Washington D.C.charter schools expel students at far higher rates than district-run schools, reports the Washington Post.

During the 2011-12 school year, when charters enrolled 41 percent of the city’s students, they removed 227 children for discipline violations and had an expulsion rate of 72 per 10,000 students; the District school system removed three and had an expulsion rate of less than 1 per 10,000 students.

While two-thirds of charters recorded no expulsions, a charter for drop-outs expelled 30 students — nearly a third of enrollment — and another expelled 5 percent of its students.

In her senior year, Elsie Mayo was forced out of Thurgood Marshall Academy, a high-performing charter school, for coming to school drunk, talking back to a teacher and pulling a false fire alarm. She finished the year at Anacostia High School and qualified for $70,000 in scholarships to attend Simmons College in Boston, where she’s studying math and computer science. Thurgood Marshall counselors told her how to get the scholarship aid, she says in the video (below).

The D.C. school system relies heavily on long-term suspensions and involuntary transfers. It also runs alternative middle and high schools for badly behaved students. There’s talk of creating an alternative school for charter students who can’t behave in class.

Scott Pearson, executive director of the D.C. Public Charter School Board, hopes to reduce expulsions.

A few weeks after taking the charter board’s helm, Pearson released two years of discipline data.
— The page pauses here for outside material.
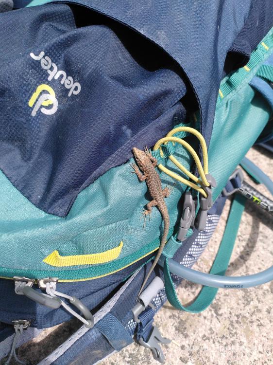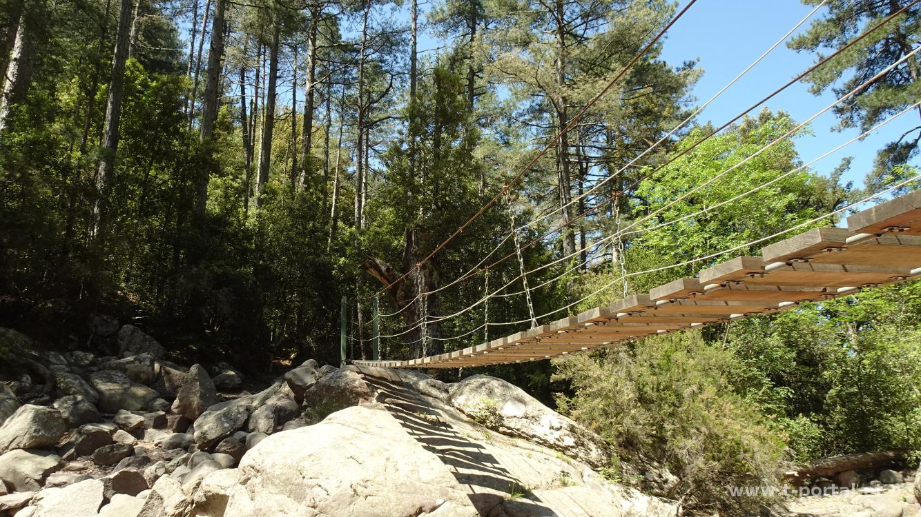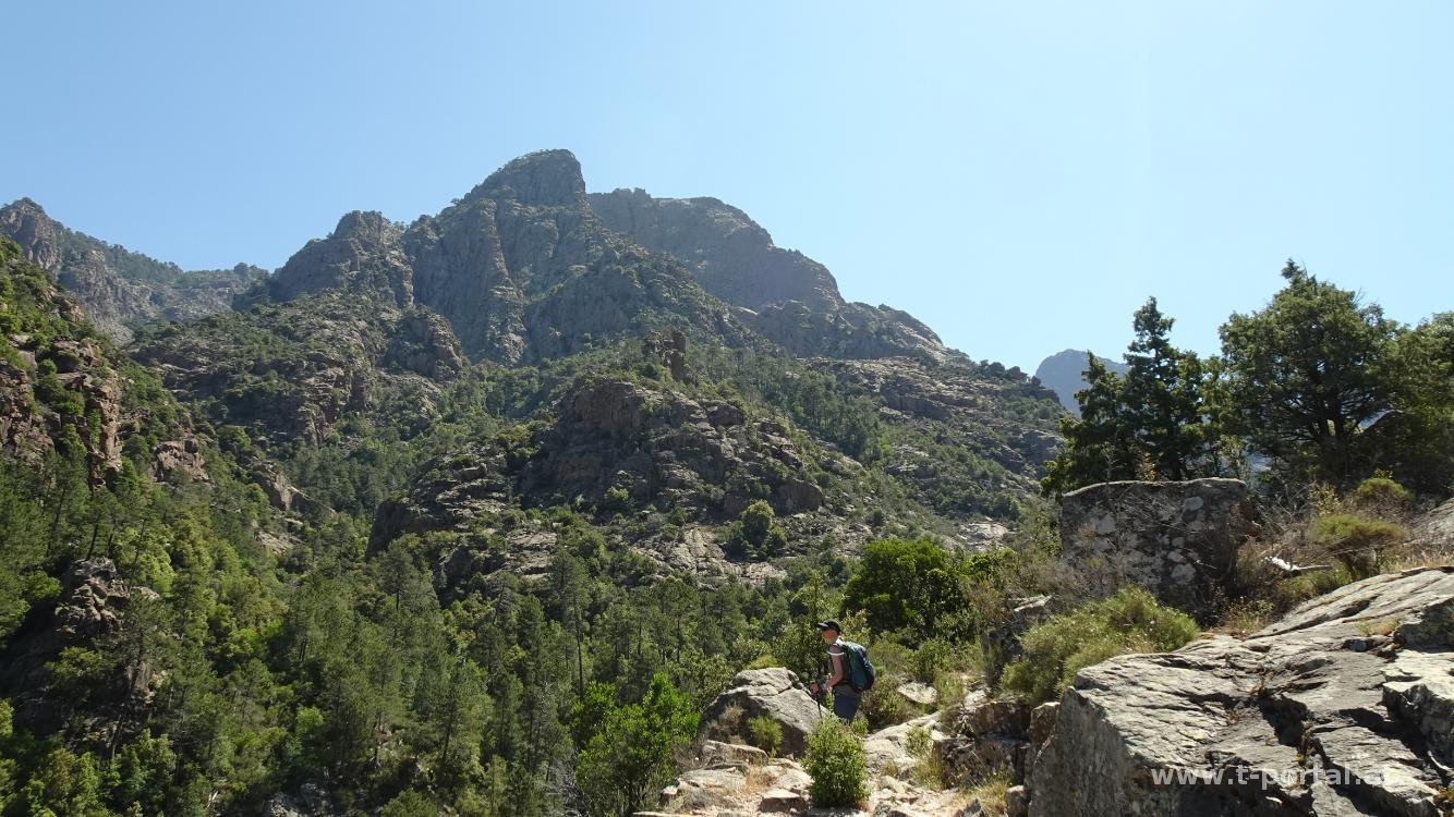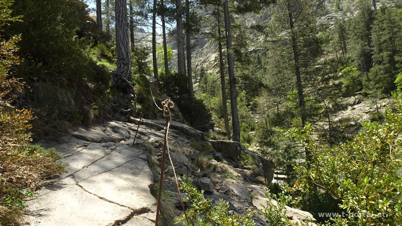 Nach kurzem Rundumblick wanden wir am GR20 weiter nach Süden, steigen entlang von Ketten über ein paar Steinplatten und erreiche nach kurzem Abstieg die Hängebrücke Passerelle de la Spasimata. Neben der Brücke gibt es einen schönen Rastplatz mit recht frischem Wasserloch und frechen Eidechsen.

In August, the charter board published an additional year’s worth of numbers.

It already has had a “profound effect,” with charter expulsion rates dropping 25 to 30 percent so far this school year, Pearson said.

Schools are “taking a new look at their discipline procedures, and in many cases have modified their discipline procedures significantly to reduce the number of suspensions and expulsions,” he said.

However, Pearson doesn’t want charters to abandon expulsion for students who are dangerous or disruptive. Parents interviewed in the Post‘s video agree that safety is important.